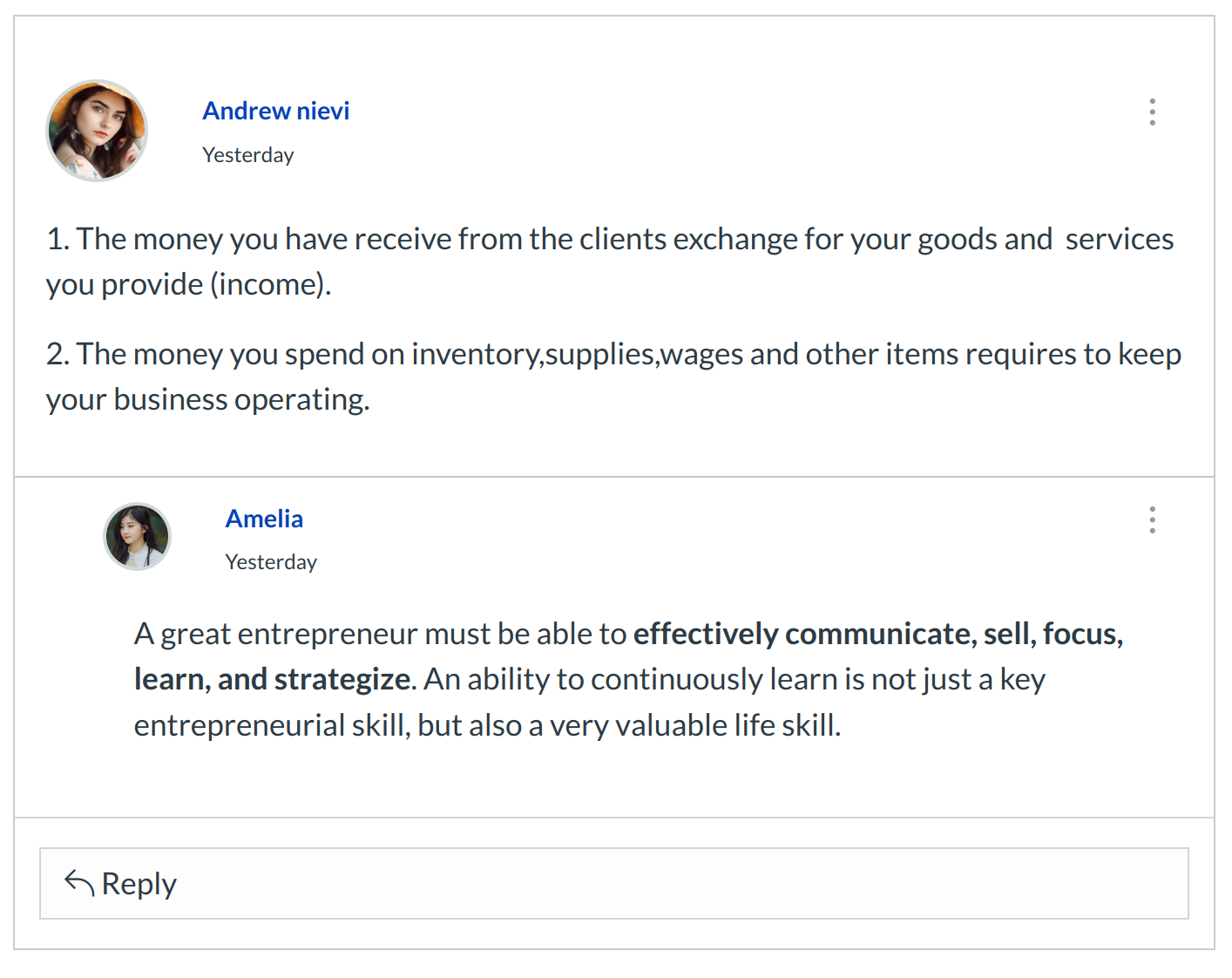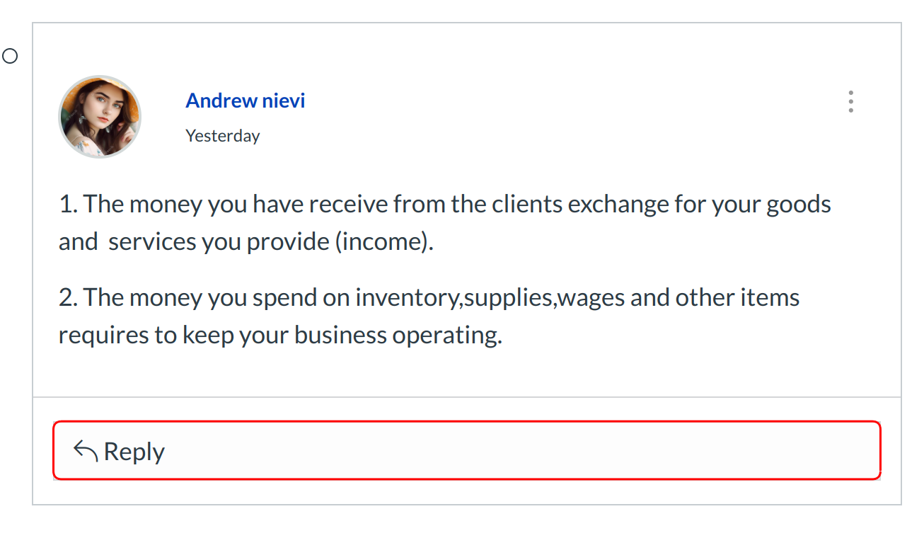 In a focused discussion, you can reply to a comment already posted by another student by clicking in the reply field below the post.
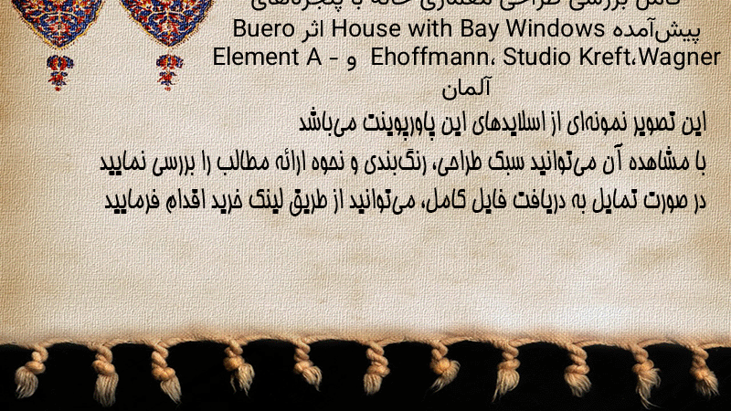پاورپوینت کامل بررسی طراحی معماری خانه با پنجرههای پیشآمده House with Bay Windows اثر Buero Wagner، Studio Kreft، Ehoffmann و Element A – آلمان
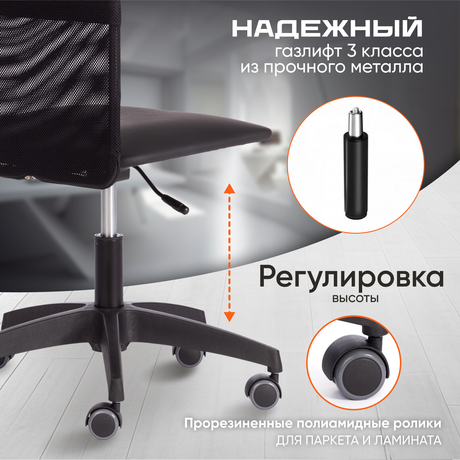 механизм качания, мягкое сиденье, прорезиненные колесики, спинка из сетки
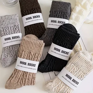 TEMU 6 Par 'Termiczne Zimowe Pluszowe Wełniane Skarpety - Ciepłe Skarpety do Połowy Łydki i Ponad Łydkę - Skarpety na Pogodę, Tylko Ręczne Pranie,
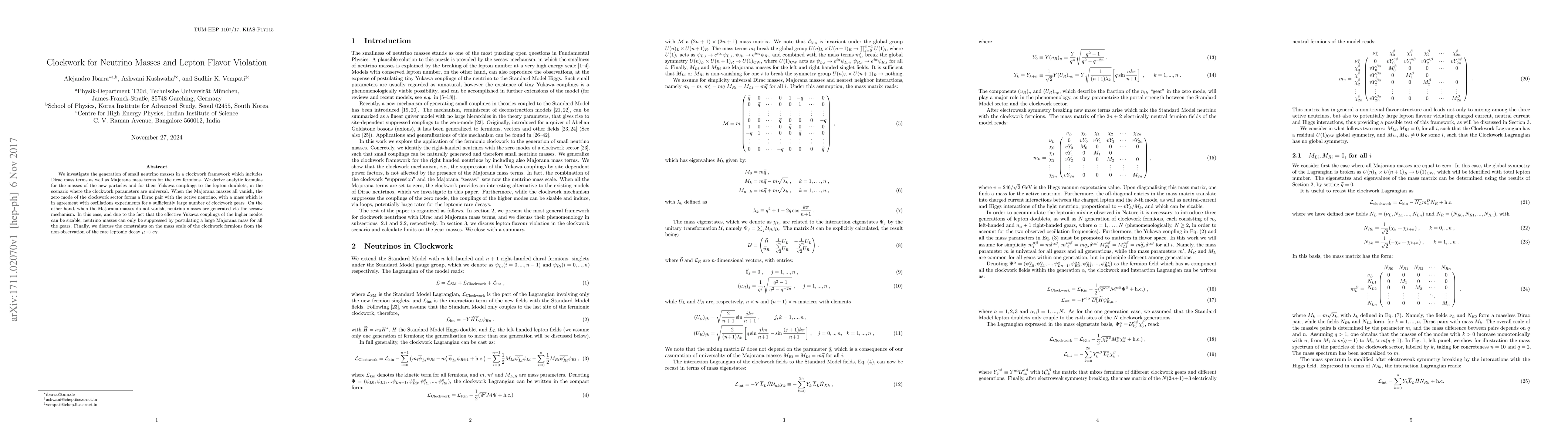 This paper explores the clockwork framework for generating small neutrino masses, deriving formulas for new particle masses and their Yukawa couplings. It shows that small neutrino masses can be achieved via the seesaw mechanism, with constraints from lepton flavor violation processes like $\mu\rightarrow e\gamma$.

:::::

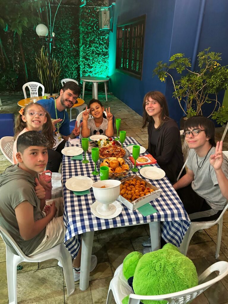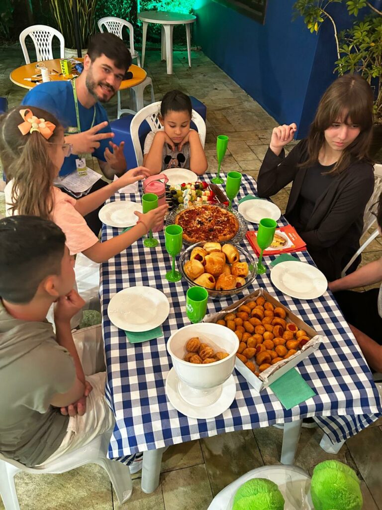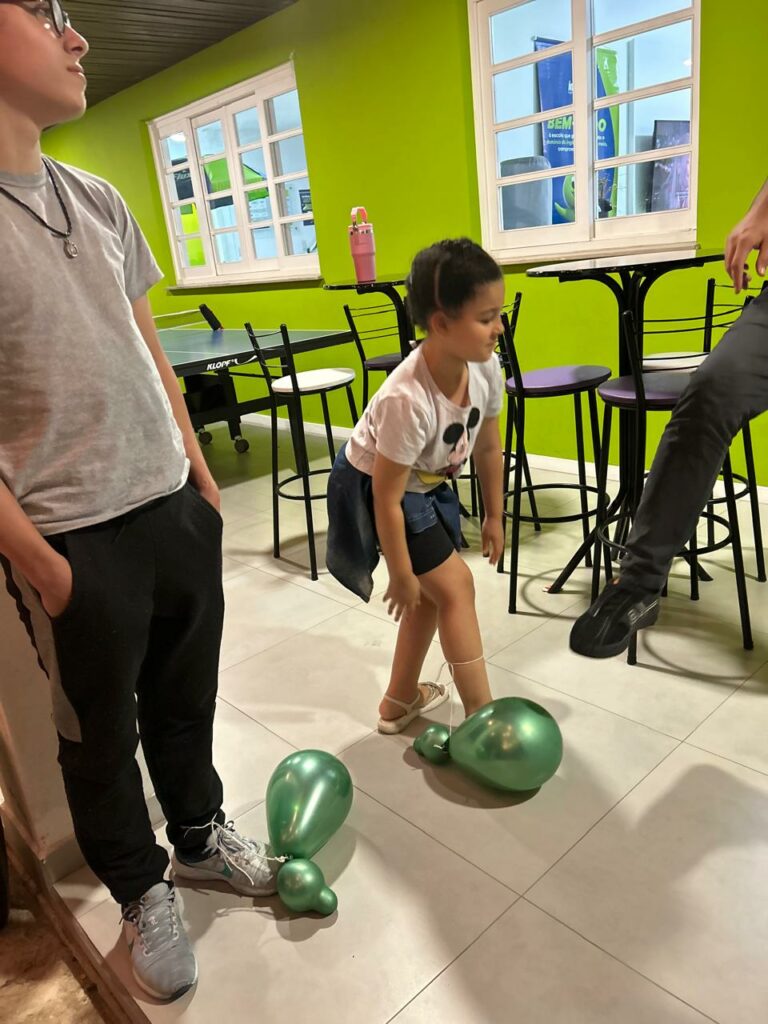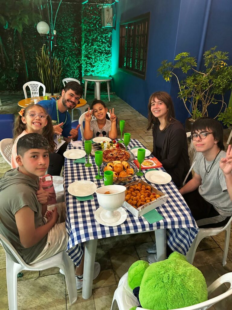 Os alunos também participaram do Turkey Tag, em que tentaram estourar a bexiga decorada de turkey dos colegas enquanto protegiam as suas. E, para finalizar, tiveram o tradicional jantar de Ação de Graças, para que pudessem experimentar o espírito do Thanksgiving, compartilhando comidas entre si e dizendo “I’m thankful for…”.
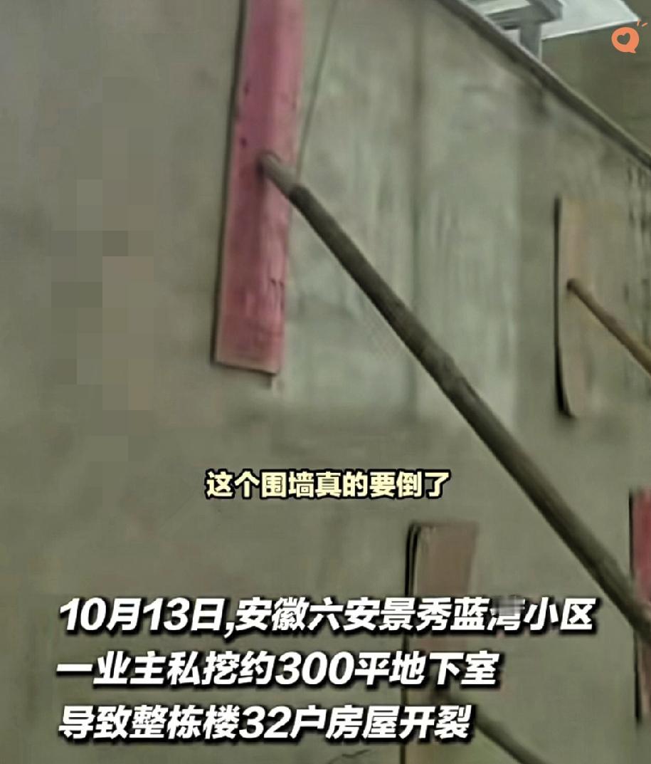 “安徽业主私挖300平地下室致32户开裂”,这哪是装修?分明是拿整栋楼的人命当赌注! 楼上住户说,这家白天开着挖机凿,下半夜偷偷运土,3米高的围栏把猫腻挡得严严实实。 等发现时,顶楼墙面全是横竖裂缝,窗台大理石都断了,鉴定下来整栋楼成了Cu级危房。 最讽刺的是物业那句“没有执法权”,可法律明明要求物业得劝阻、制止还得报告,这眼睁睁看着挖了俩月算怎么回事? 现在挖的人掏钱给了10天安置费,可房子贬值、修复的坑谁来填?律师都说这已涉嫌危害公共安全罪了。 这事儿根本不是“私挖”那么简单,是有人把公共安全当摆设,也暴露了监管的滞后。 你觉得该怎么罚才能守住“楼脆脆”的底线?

:::::

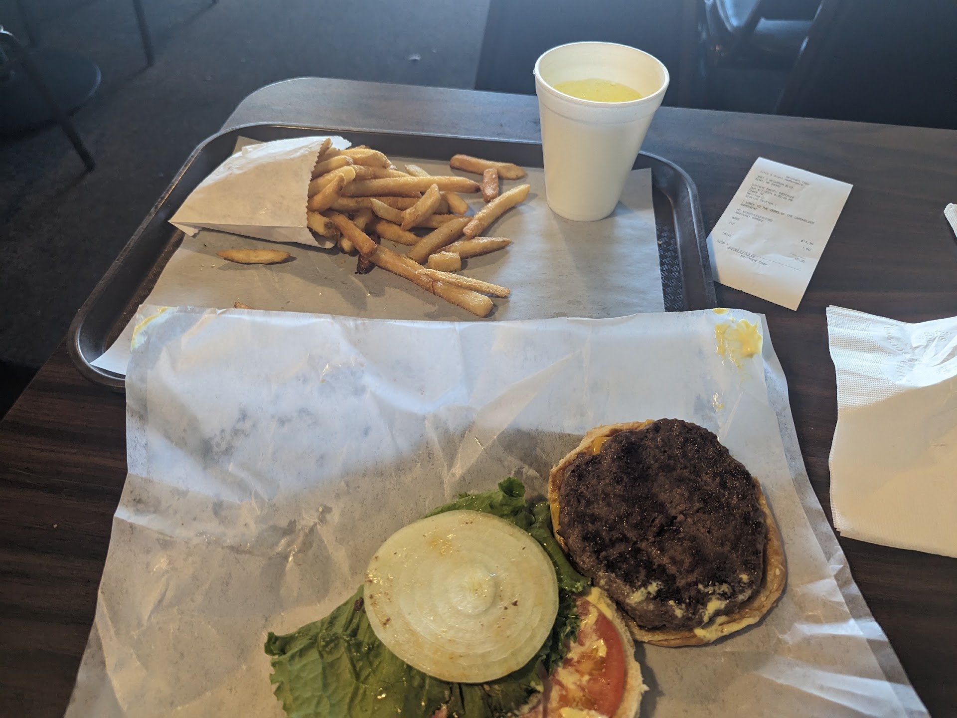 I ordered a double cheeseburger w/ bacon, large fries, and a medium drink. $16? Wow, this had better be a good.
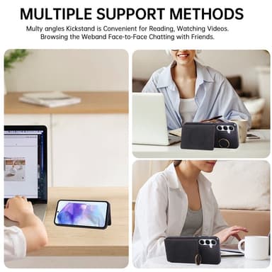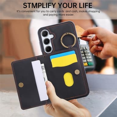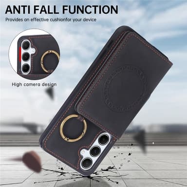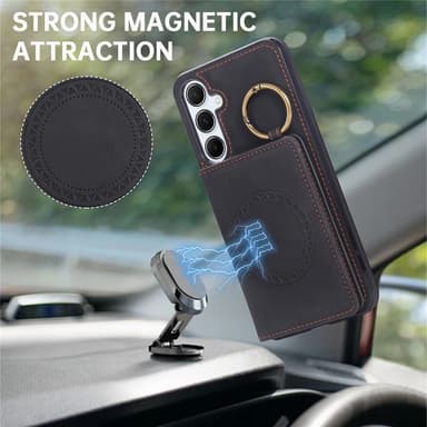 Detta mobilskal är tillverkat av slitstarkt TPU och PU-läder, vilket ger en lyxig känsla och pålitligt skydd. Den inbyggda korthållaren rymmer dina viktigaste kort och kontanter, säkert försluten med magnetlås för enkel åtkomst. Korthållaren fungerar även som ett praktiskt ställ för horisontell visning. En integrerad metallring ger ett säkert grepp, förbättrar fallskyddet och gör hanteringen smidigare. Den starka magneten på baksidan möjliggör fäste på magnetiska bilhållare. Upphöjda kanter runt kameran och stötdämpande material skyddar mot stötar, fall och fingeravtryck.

:::::

* **TASK OBJECTIVE**
Both boundary lines included, write out word for word only the lines above from the one containing "TEMU 6 Par 'Termiczne" to the one containing "This paper explores", leaving out any pictures.

* **RESPONSE TO THE TASK**
 TEMU 6 Par 'Termiczne Zimowe Pluszowe Wełniane Skarpety - Ciepłe Skarpety do Połowy Łydki i Ponad Łydkę - Skarpety na Pogodę, Tylko Ręczne Pranie,
 This paper explores the clockwork framework for generating small neutrino masses, deriving formulas for new particle masses and their Yukawa couplings. It shows that small neutrino masses can be achieved via the seesaw mechanism, with constraints from lepton flavor violation processes like $\mu\rightarrow e\gamma$.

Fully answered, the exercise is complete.